** Exercise data follows **

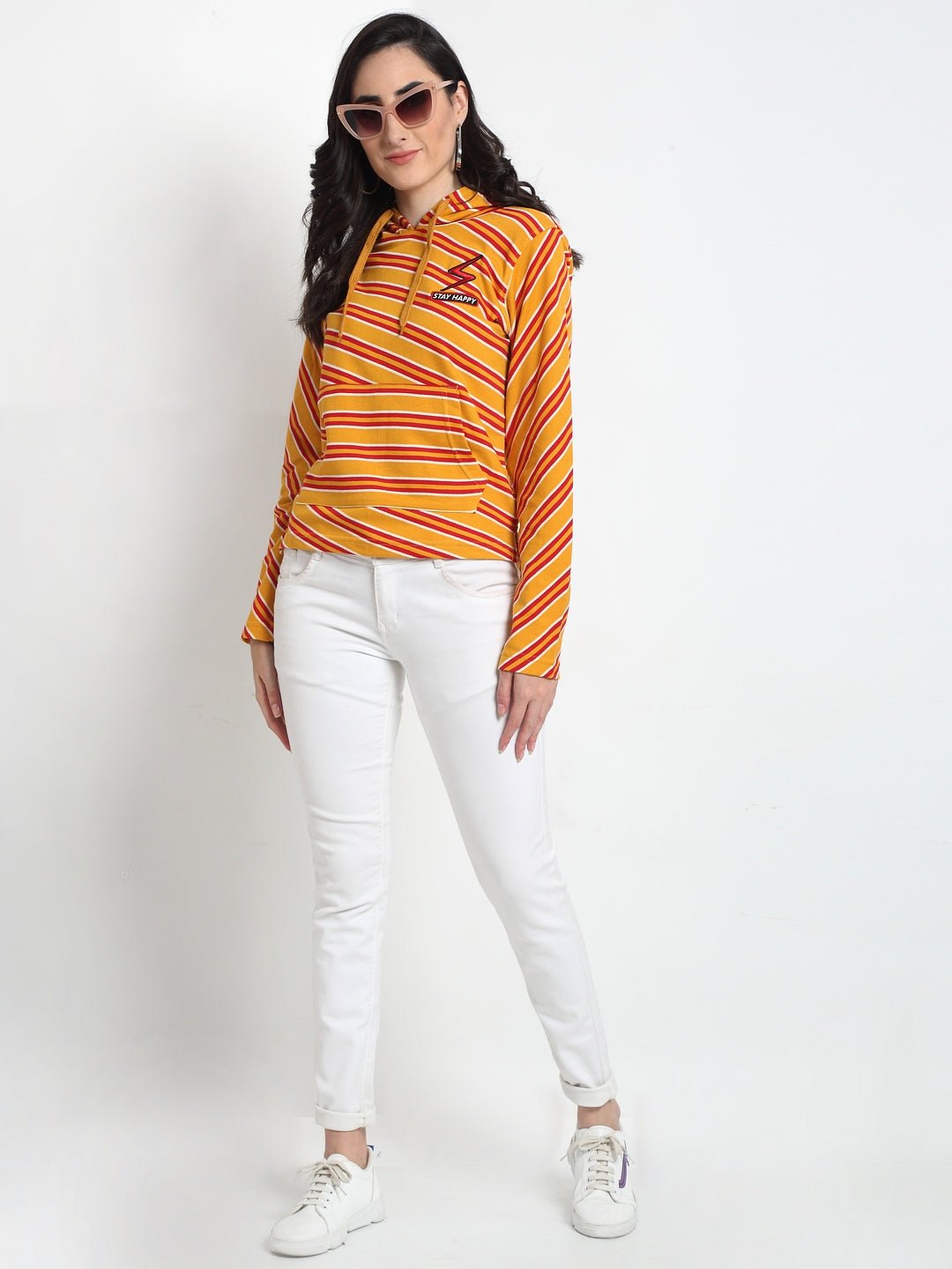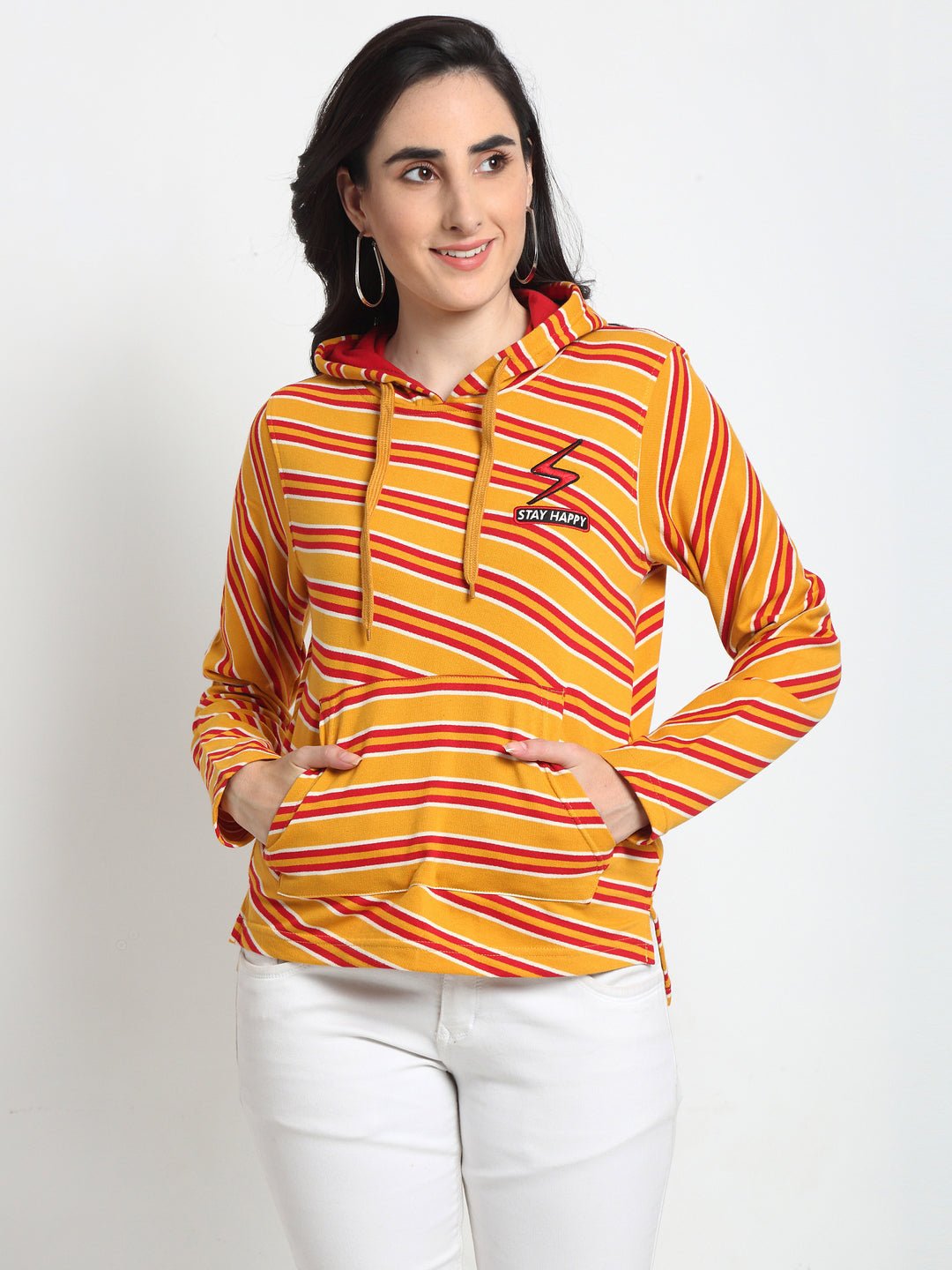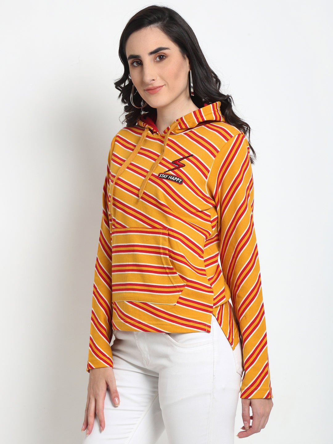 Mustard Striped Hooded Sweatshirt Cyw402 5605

** End of Exercise data **
** Exercise data follows **

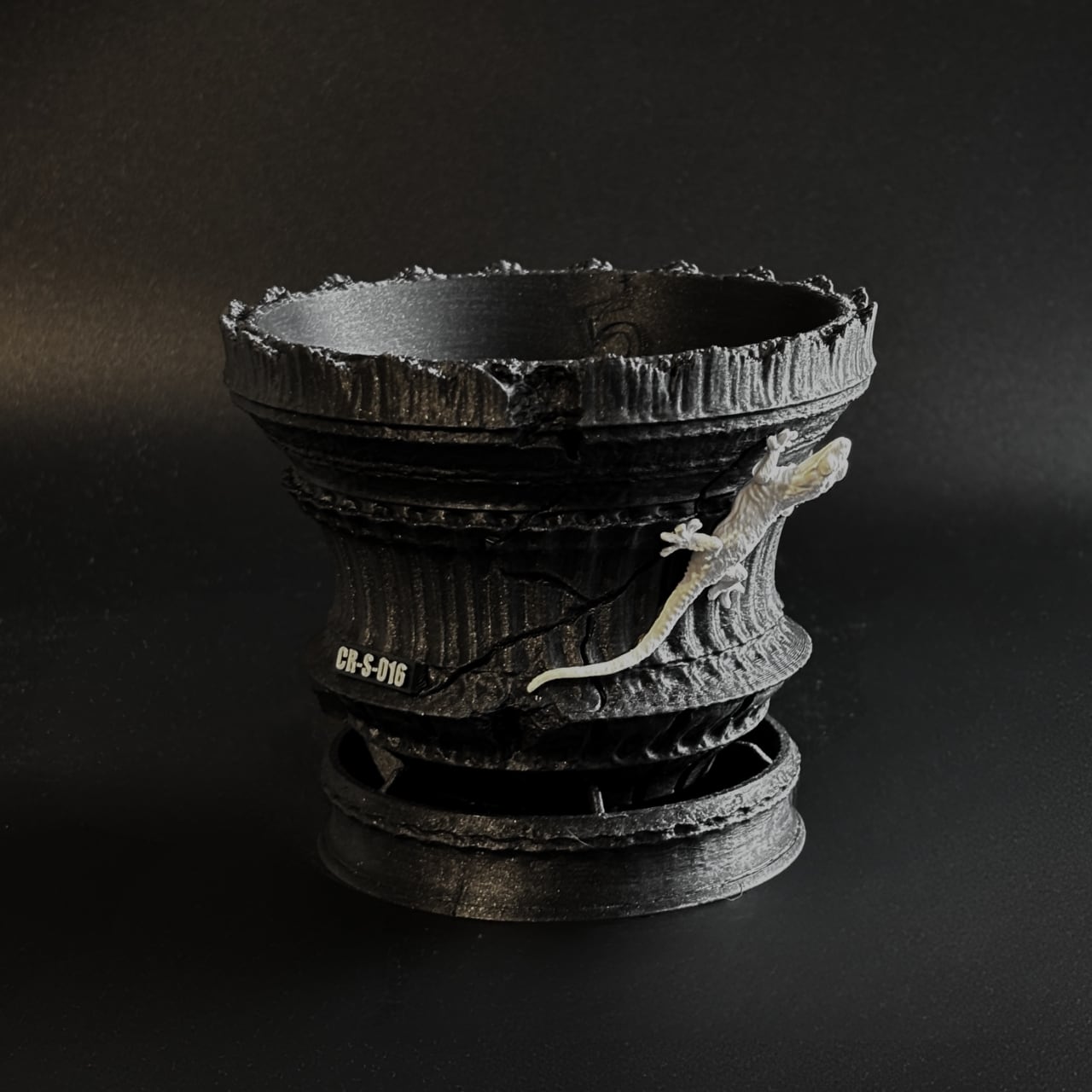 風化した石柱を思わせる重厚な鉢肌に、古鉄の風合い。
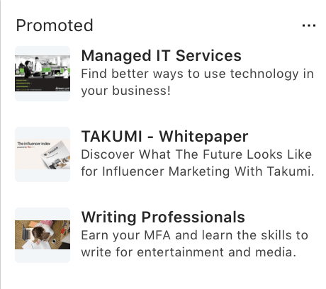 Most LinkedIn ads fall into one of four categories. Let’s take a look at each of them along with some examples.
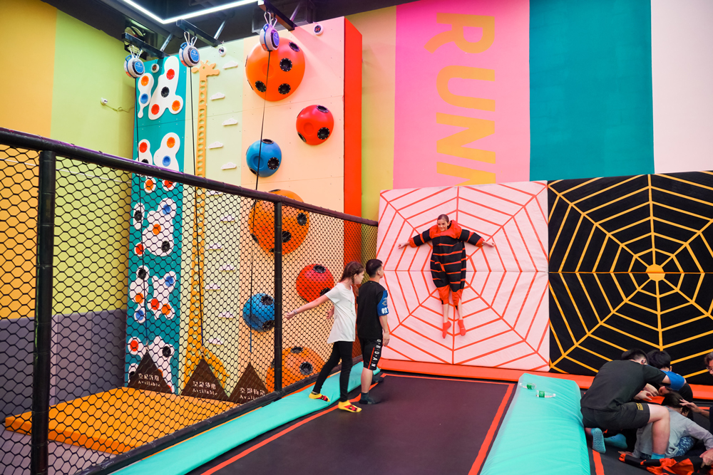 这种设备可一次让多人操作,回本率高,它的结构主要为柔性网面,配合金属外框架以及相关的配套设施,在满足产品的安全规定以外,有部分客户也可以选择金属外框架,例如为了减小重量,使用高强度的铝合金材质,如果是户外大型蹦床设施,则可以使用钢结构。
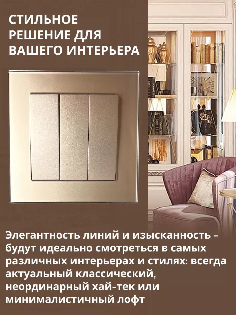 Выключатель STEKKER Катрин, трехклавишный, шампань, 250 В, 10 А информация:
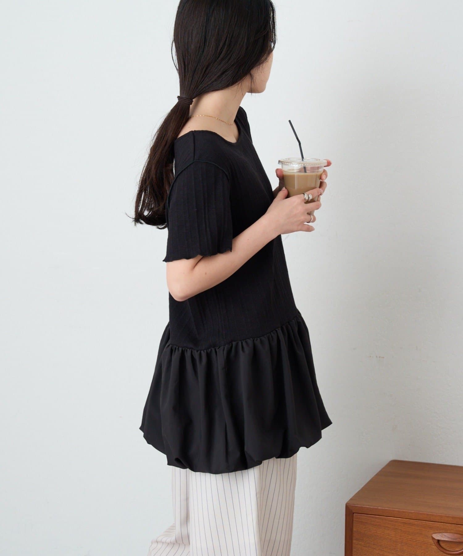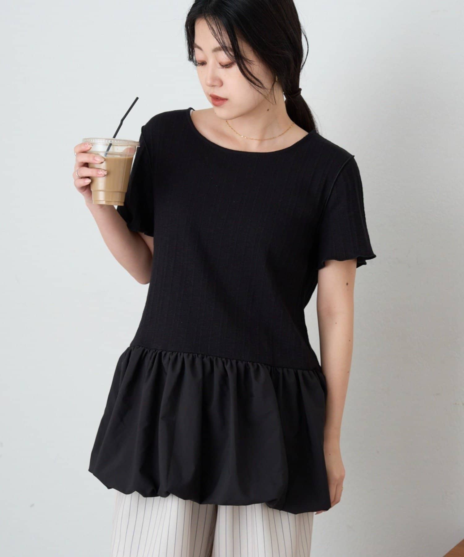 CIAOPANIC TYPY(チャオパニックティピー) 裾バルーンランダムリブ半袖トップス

** End of Exercise data **
** Exercise data follows **

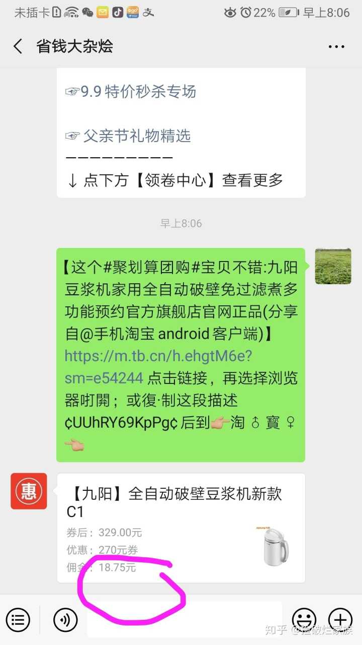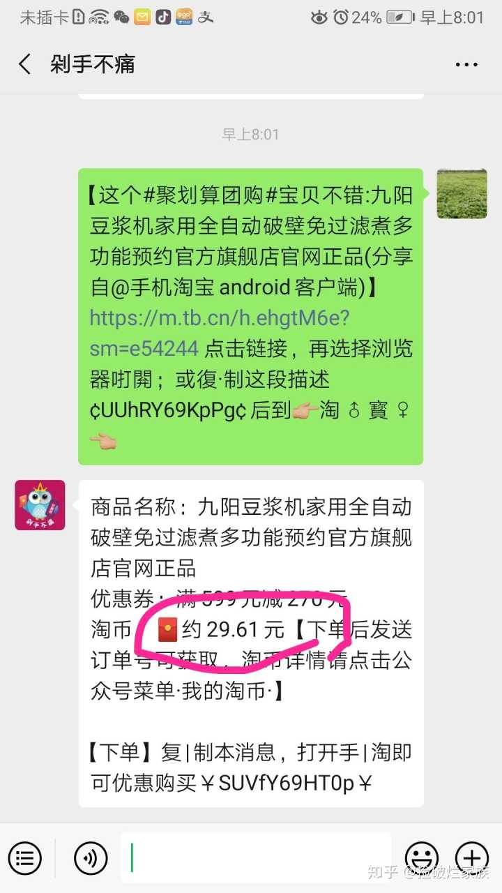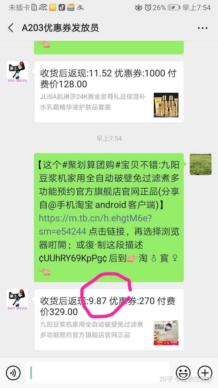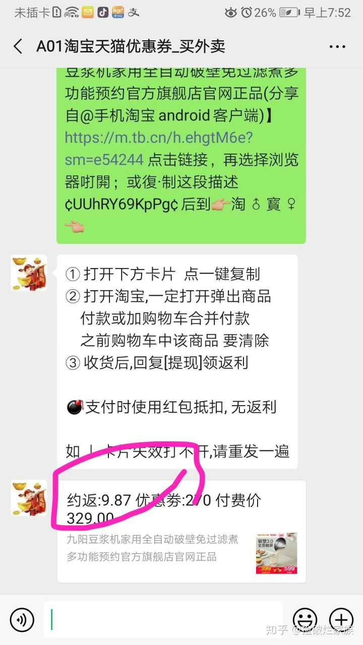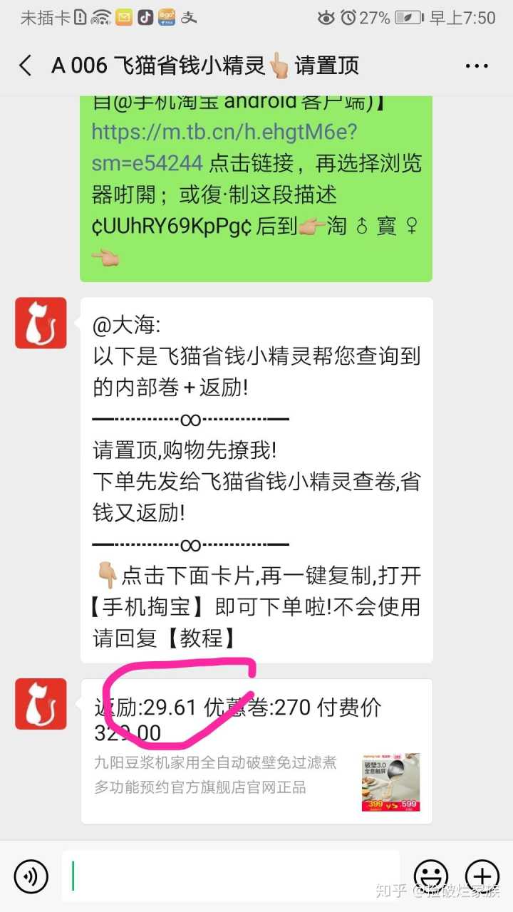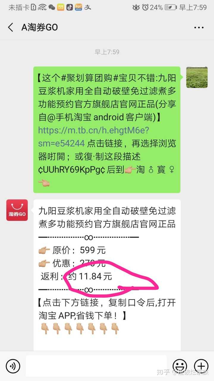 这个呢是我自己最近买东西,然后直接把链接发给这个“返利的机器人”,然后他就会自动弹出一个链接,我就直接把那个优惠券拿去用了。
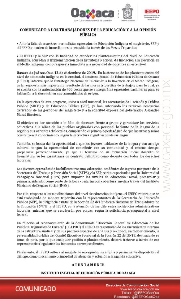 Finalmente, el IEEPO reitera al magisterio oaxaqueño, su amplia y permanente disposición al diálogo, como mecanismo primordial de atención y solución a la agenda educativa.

** End of Exercise data **

**What you have to do**
Starting at the line with "Выключатель STEKKER Катрин, трехклавишный, шампань, 250" in the entries above, write out every line exactly until the line with "CIAOPANIC TYPY(チャオパニックティピー) 裾バルーンランダムリブ半袖トップス" has been written. Include no pictures and nothing more.

**Exercise response**
 Выключатель STEKKER Катрин, трехклавишный, шампань, 250 В, 10 А информация:
 CIAOPANIC TYPY(チャオパニックティピー) 裾バルーンランダムリブ半袖トップス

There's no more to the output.